Cass Sunstein makes this argument in his keynote address for the second day of the Stigler Center symposium, and also in a short article written to accompany the event.  He points to a number of specific regulations: for example, rules requiring accessibility to public areas for those with disabilities; or rules specifying the rights that airline passengers have when a flight is overbooked; or the rules that now require rear-view cameras in all motor vehicles; or rules that require the Post Office to collect data on certain packages arriving from overseas as part of the effort to reduce imports of opioids. With these and many other examples in mind, Sunstein writes: 

Stigler offered, but did not adequately defend, the proposition that “as a rule, regulation is acquired by the industry and is designed and operated primarily for its benefit.” That proposition is false. As a rule, regulation is not acquired by the industry, and it is not designed and operated for its benefit (primarily or otherwise). ... Surely there are such examples, but they are not “the general rule.” I conclude that the success and influence of Stigler’s argument owed a great deal, not to its accuracy, but to its iconoclasm, its sense of knowingness, its smarter-than-thou, cooler-than-thou cynicism (appealing to many), its mischieviousness, and its partial (!) truth.
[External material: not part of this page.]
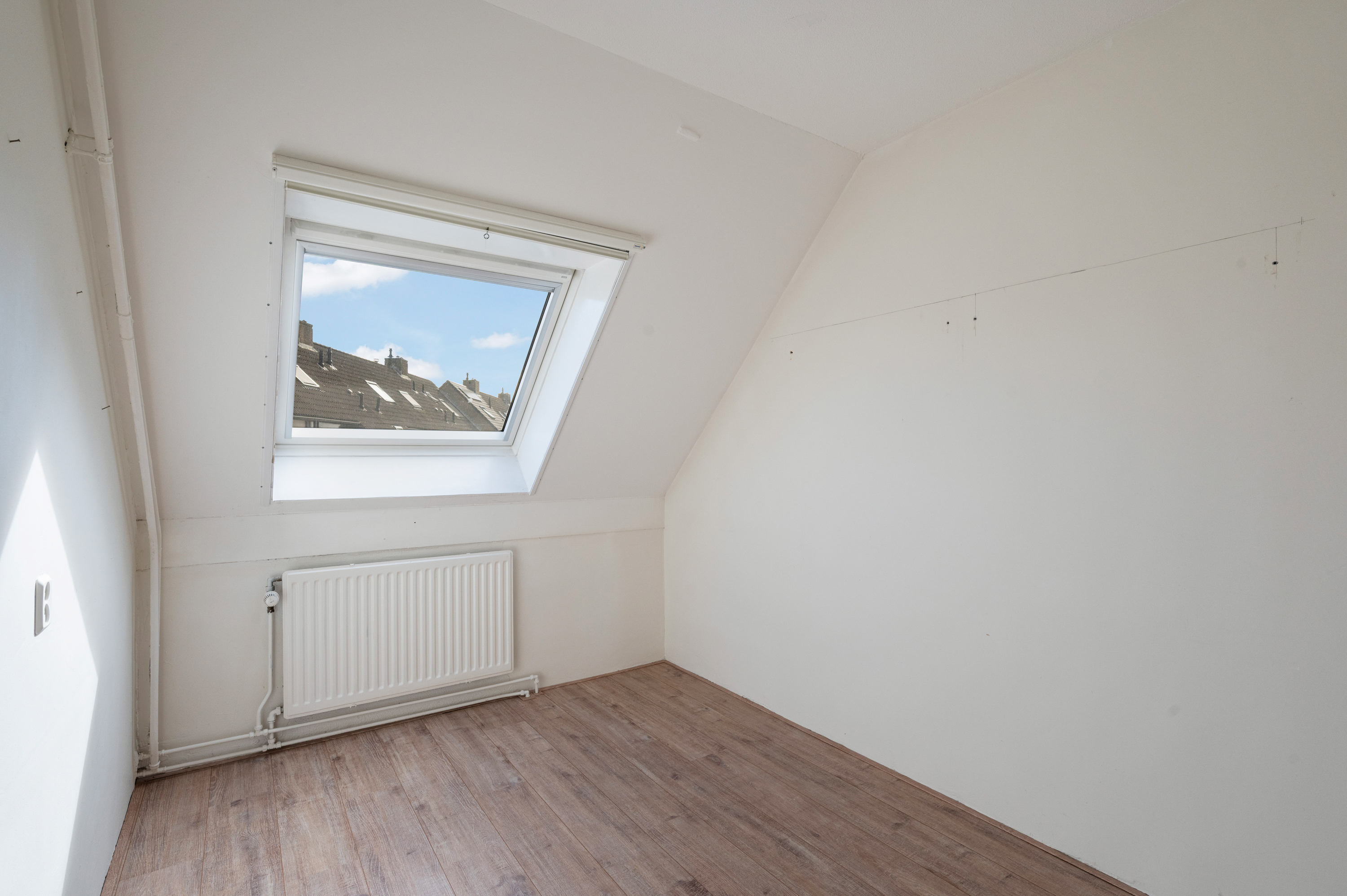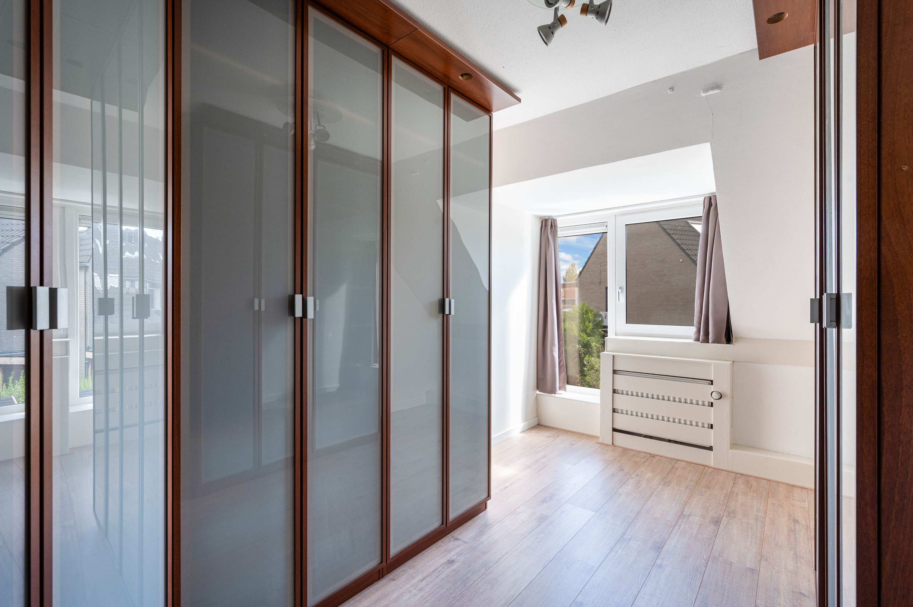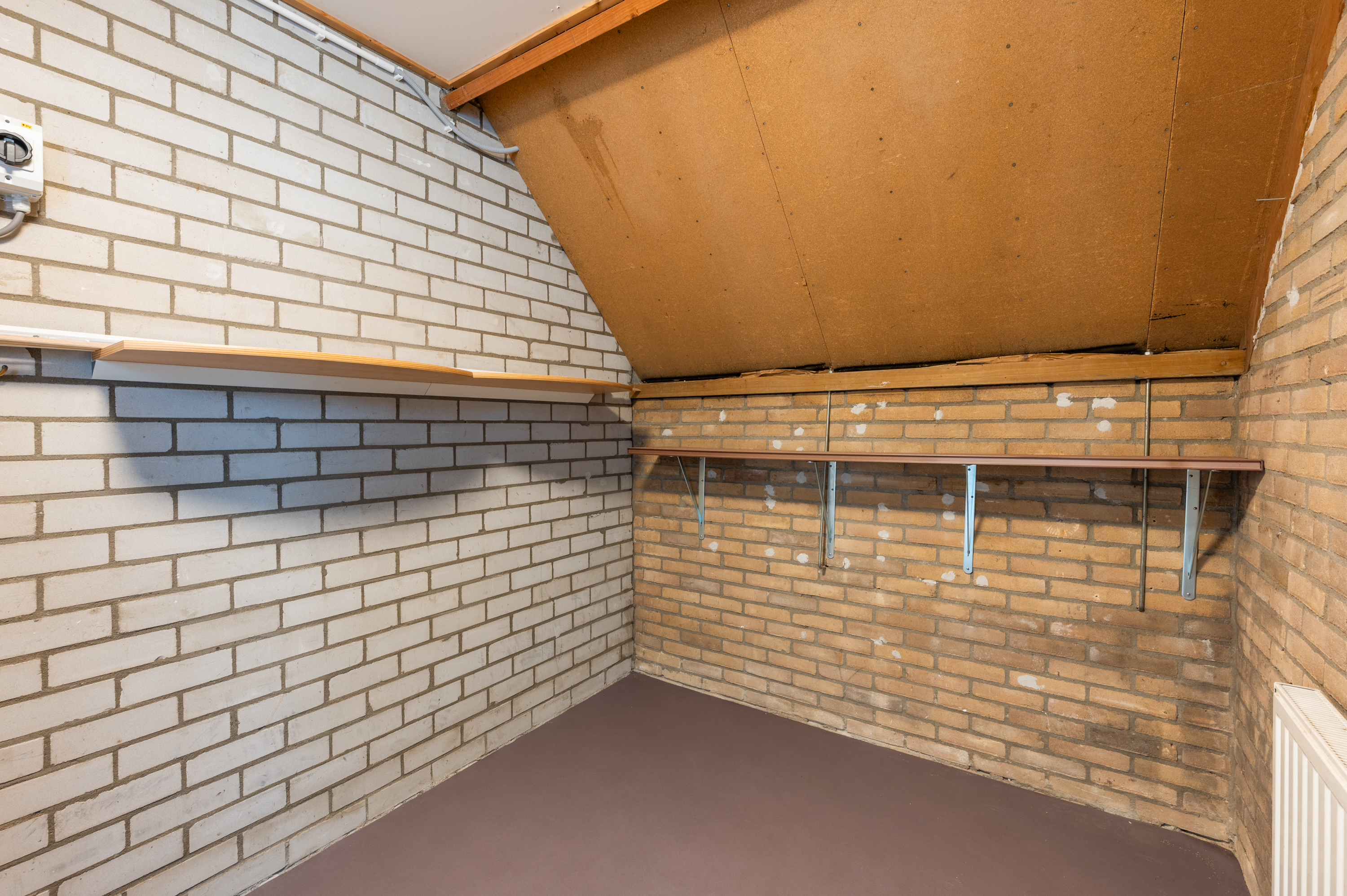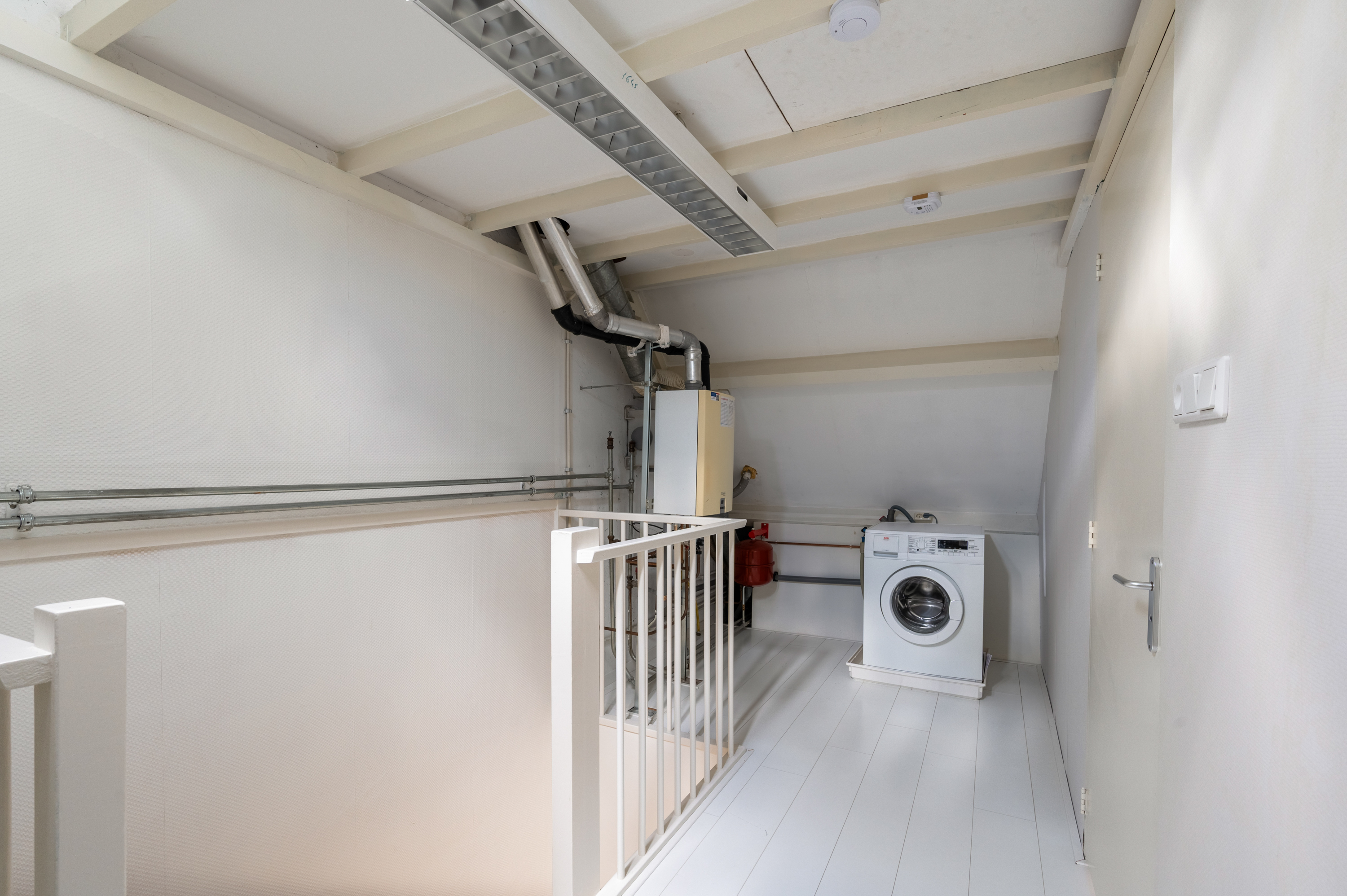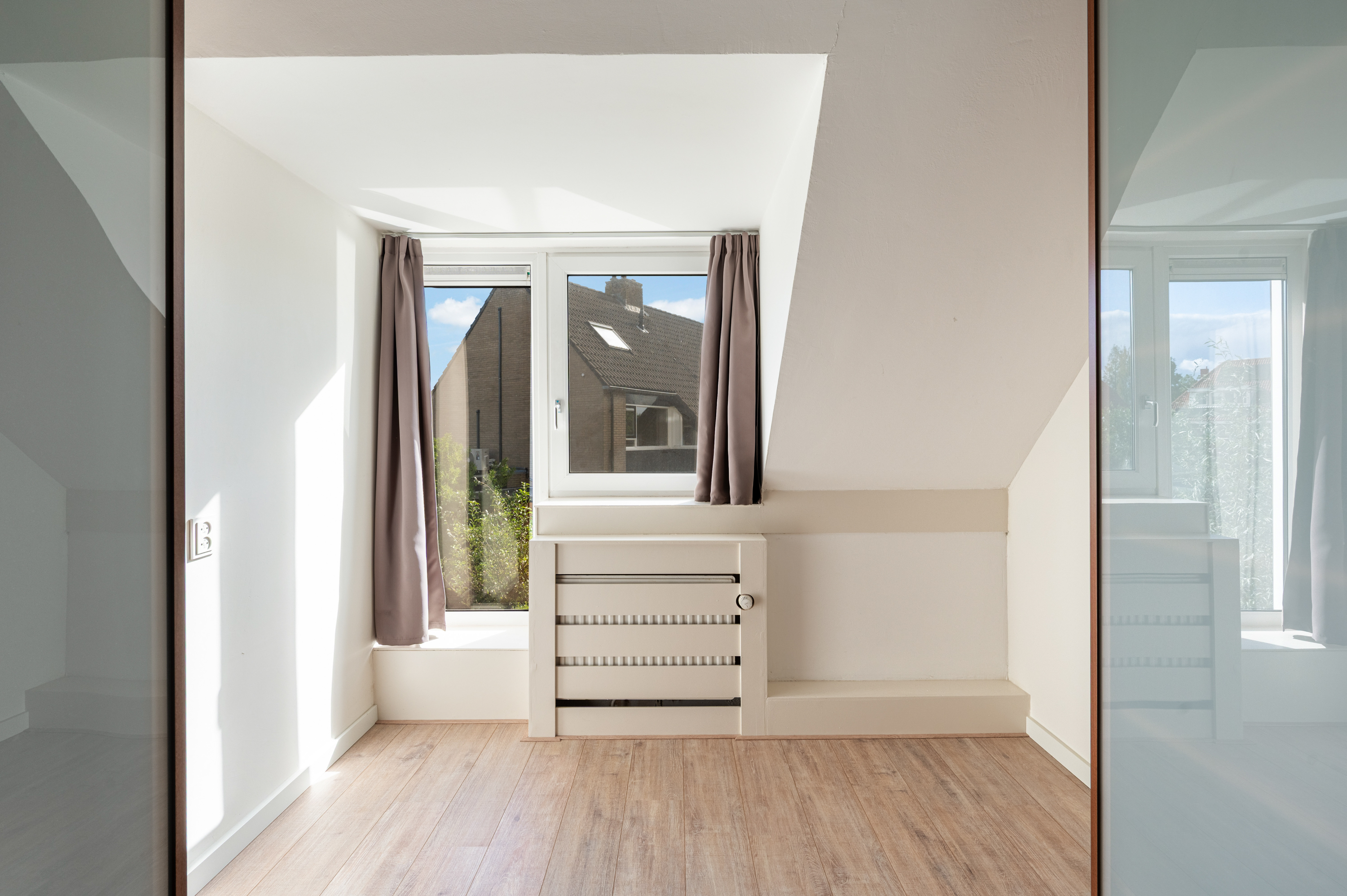 Royale overloop welke is voorzien van een 4 pans dakraam, cv-combiketel “Remeha” bj. 2010, mech.afzuiging en de wasmachine/droger aansluiting. Vanaf de overloop toegang tot een kleine bergvliering. Vierde slaap-/hobbykamer voorzien van een Velux dakraam en diverse bergruimte. De overloop en slaapkamer zijn voorzien van een lichte laminaatvloer.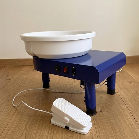 Knudsen drejeskive i støbejern med Kraftig fod i støbejern med præget navn og stabil konstruktion. Øverste plade er i med cirkulært mønster. Velegnet som dekorativ genstand, lille piedestal eller arbejdsunderlag til f.eks. keramik eller håndværk.

Sunstein is fully aware of the politics behind regulation. But rather than defaulting to the conclusion that all regulations are captured by industry, he suggests instead a focus on why regulators hold the beliefs that they do. When asking whether regulators are right or wrong, Sunstein writes: 
But why, exactly, do they believe such things? There are two main answers. The first involves the information they receive: What do they learn, and from whom do they learn it? In some cases, “the industry” is relevant; in other cases, journalists matter; political parties, public interest groups, think tanks, and academics might matter as well. Some regulators live in echo chambers; others do not. In many cases, we might well be able to speak of “epistemic capture,” which occurs not when regulators are literally pressured (threatened or promised), but when what they believe to be true is only a subset of the truth, or not true at all. The second main answer involves the motivations of the regulators themselves. What do they want to believe, and what do they want to dismiss? ...  Understanding what people end up hearing and crediting, and also what they want to hear and credit, would enable us to make real progress in specifying the mechanisms that lead to regulation.

As Lancieri and Zingales wrote in their essay, "Stigler’s enduring legacy was opening the door for the political analysis of regulation." Perhaps today it seems obvious to everyone that political analysis of regulation is a useful and important task. But it wasn't obvious to everyone a half century ago.